Dataset content:
^^^^
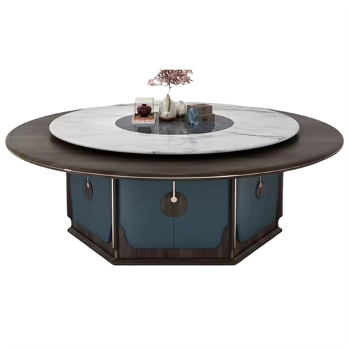 這款12人14人位新中式電動(dòng)餐桌大圓桌設(shè)計(jì)簡約大方,符合現(xiàn)代審美,又不失中式傳統(tǒng)的韻味,適合各種場合使用,如家庭、酒店、會(huì)所、飯店等。臺(tái)面選用選用優(yōu)質(zhì)的實(shí)木材料,經(jīng)過多道工藝處理,保持了木材的天然紋理和色澤,結(jié)實(shí)耐用,防潮防蛀。餐桌轉(zhuǎn)盤選用大理石巖板,表面光滑平整,耐磨耐刮,易于清潔,不易滋生細(xì)菌,環(huán)保健康。
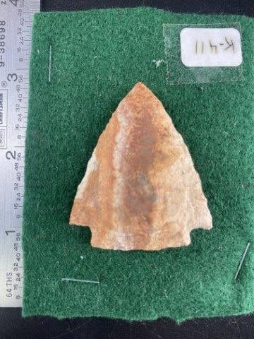 Please see picture for measurement. These artifacts are from The Leonard & Vivian Nelson Collection. They were lifelong farmers with ancesteral roots in Dekalb County Illinois. Leonard & Vivian worked all of their lives farming & they collected these wonderful artifacts over their 100 years of life. KEY WORDS: NATIVE AMERICAN INDIAN ARTIFACT ARTIFACTS ARROWHEAD ARROWHEADS MISSISSIPPIAN QUAPAW CADDO POTTERY COINS MORGAN DOLLAR PEACE DOLLAR SILVER COINS
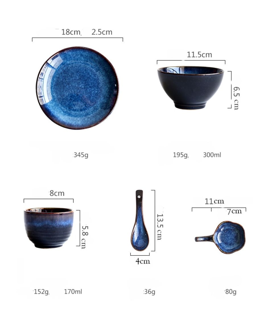Deep Blue Ceramic Dinner Set – 5 Pieces/Set (as picture)
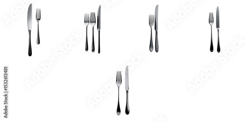 Assorted cutlery including forks and knives arranged on a transparent background featuring a high-quality top view composition suitable for culinary or restaurant themes.
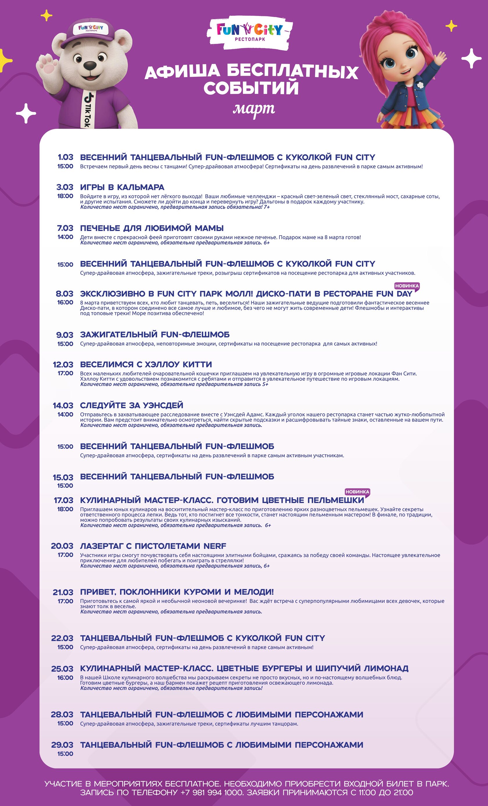 *Участие в мероприятиях бесплатное, необходим только входной билет в парк. На отдельные мероприятия необходима предварительная запись:
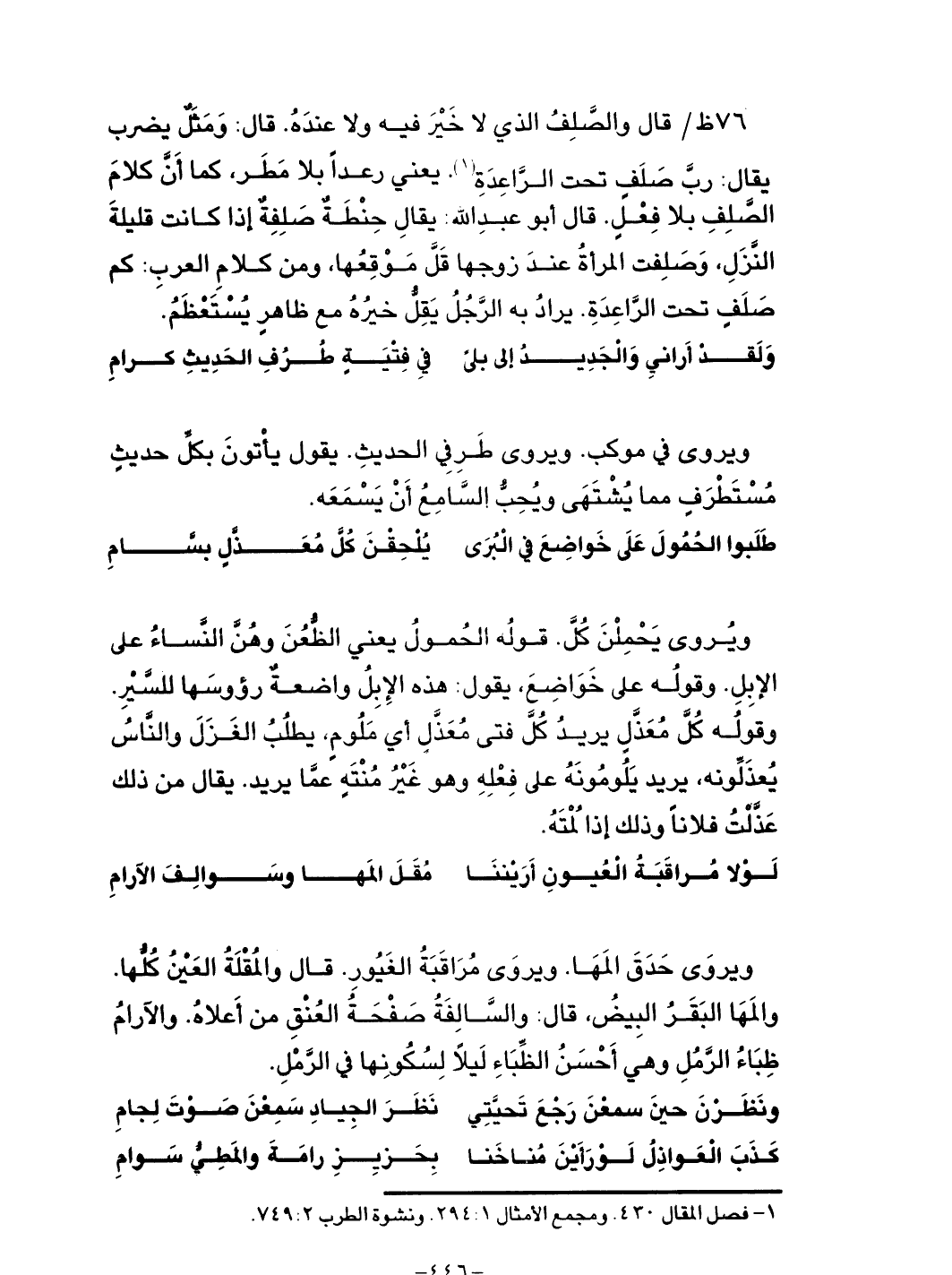 قال والصلف الذي لا خير فيه ولا عنده. قال: ومثل يضرب يقال: رب صلف تحت الراعدة. يعني
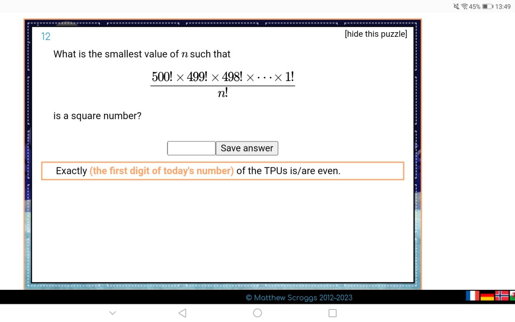 So if n = 250, we would for the whole expression have a bunch of squares and nothing else. Anything smaller wouldn’t work, because there would be 250*249*… left over, with no neat behaviour. So n = 250.
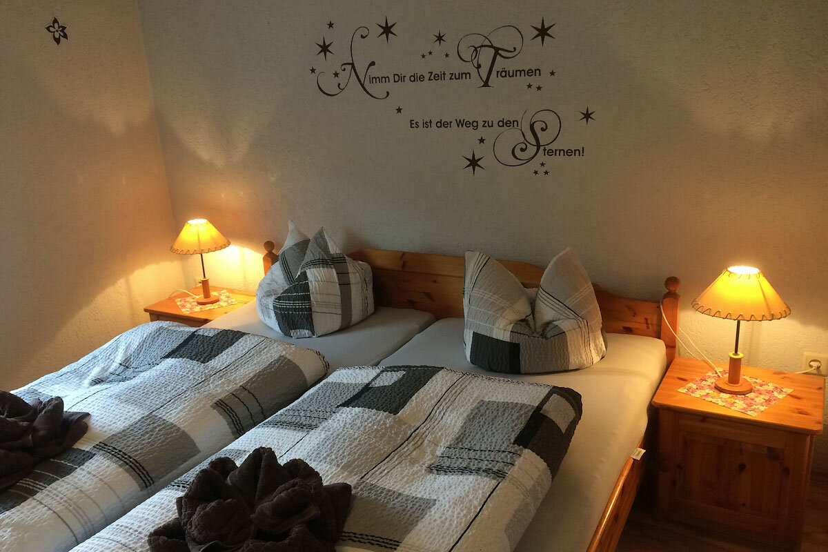 Im Gästehaus (Süd-West-Lage) befinden sich 3 komplett eingerichtete familienfreundliche Ferienwohnungen für jeweils 2 bis 4 Personen (zusätzliche Aufbettungen möglich). Eine der Wohnungen verfügt über einen Balkon und ist für 2 Personen (2 Aufbettungen) geeignet.
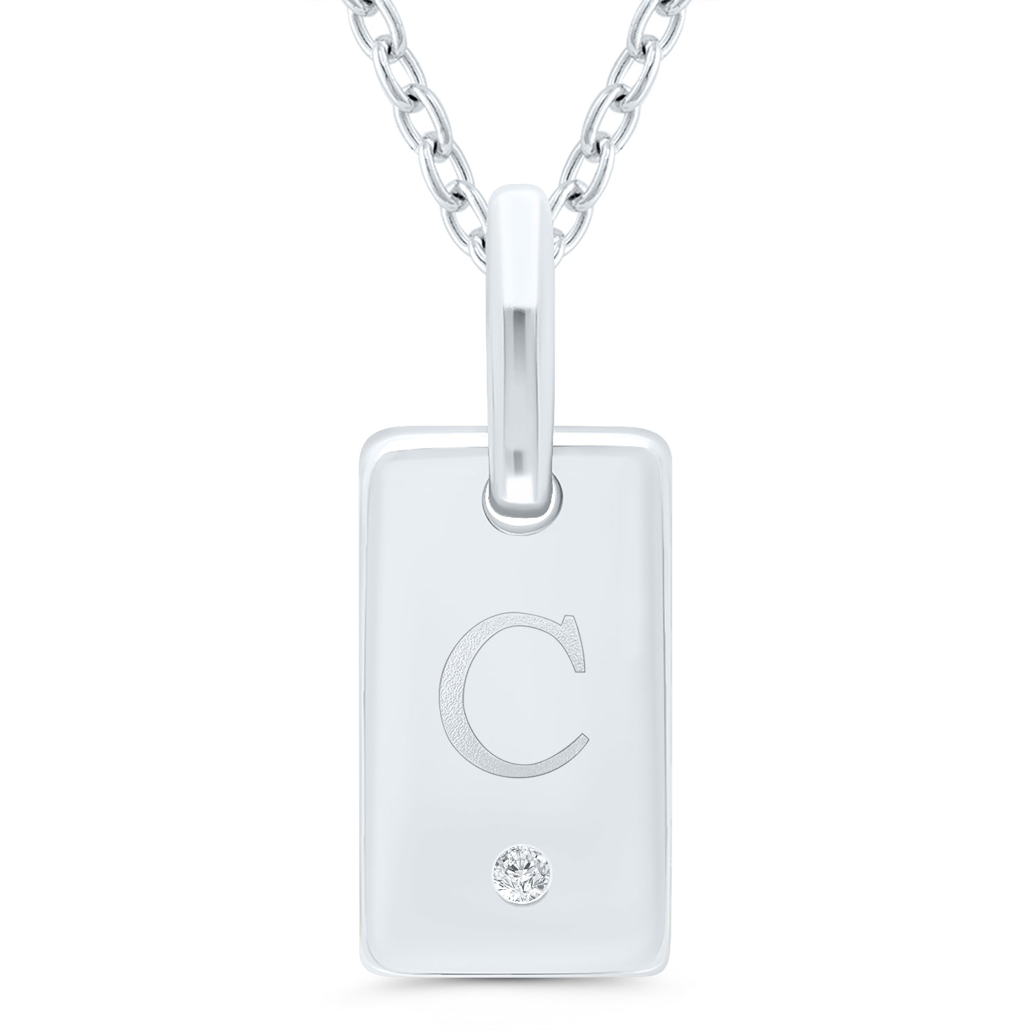 Sterling Silver ID Tag 'C' Pendant with 0.01ct Diamond Accent on an 18" Cable Chain
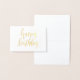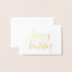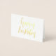 Esta hermosa tarjeta de cumpleaños con letras a mano muestra las palabras "feliz cumpleaños" en el Relieve metalizado de oro en la parte delantera. ¡El espacio que queda en blanco deja mucho espacio para que escribas tu propio mensaje!
^^^^
Exercise description:
Everything in the records must be transcribed exactly, except the pictures, which are left out.

Written solution:
 這款12人14人位新中式電動(dòng)餐桌大圓桌設(shè)計(jì)簡約大方,符合現(xiàn)代審美,又不失中式傳統(tǒng)的韻味,適合各種場合使用,如家庭、酒店、會(huì)所、飯店等。臺(tái)面選用選用優(yōu)質(zhì)的實(shí)木材料,經(jīng)過多道工藝處理,保持了木材的天然紋理和色澤,結(jié)實(shí)耐用,防潮防蛀。餐桌轉(zhuǎn)盤選用大理石巖板,表面光滑平整,耐磨耐刮,易于清潔,不易滋生細(xì)菌,環(huán)保健康。
 Please see picture for measurement. These artifacts are from The Leonard & Vivian Nelson Collection. They were lifelong farmers with ancesteral roots in Dekalb County Illinois. Leonard & Vivian worked all of their lives farming & they collected these wonderful artifacts over their 100 years of life. KEY WORDS: NATIVE AMERICAN INDIAN ARTIFACT ARTIFACTS ARROWHEAD ARROWHEADS MISSISSIPPIAN QUAPAW CADDO POTTERY COINS MORGAN DOLLAR PEACE DOLLAR SILVER COINS
Deep Blue Ceramic Dinner Set – 5 Pieces/Set (as picture)
 Assorted cutlery including forks and knives arranged on a transparent background featuring a high-quality top view composition suitable for culinary or restaurant themes.
 *Участие в мероприятиях бесплатное, необходим только входной билет в парк. На отдельные мероприятия необходима предварительная запись:
 قال والصلف الذي لا خير فيه ولا عنده. قال: ومثل يضرب يقال: رب صلف تحت الراعدة. يعني
 So if n = 250, we would for the whole expression have a bunch of squares and nothing else. Anything smaller wouldn’t work, because there would be 250*249*… left over, with no neat behaviour. So n = 250.
 Im Gästehaus (Süd-West-Lage) befinden sich 3 komplett eingerichtete familienfreundliche Ferienwohnungen für jeweils 2 bis 4 Personen (zusätzliche Aufbettungen möglich). Eine der Wohnungen verfügt über einen Balkon und ist für 2 Personen (2 Aufbettungen) geeignet.
 Sterling Silver ID Tag 'C' Pendant with 0.01ct Diamond Accent on an 18" Cable Chain
 Esta hermosa tarjeta de cumpleaños con letras a mano muestra las palabras "feliz cumpleaños" en el Relieve metalizado de oro en la parte delantera. ¡El espacio que queda en blanco deja mucho espacio para que escribas tu propio mensaje!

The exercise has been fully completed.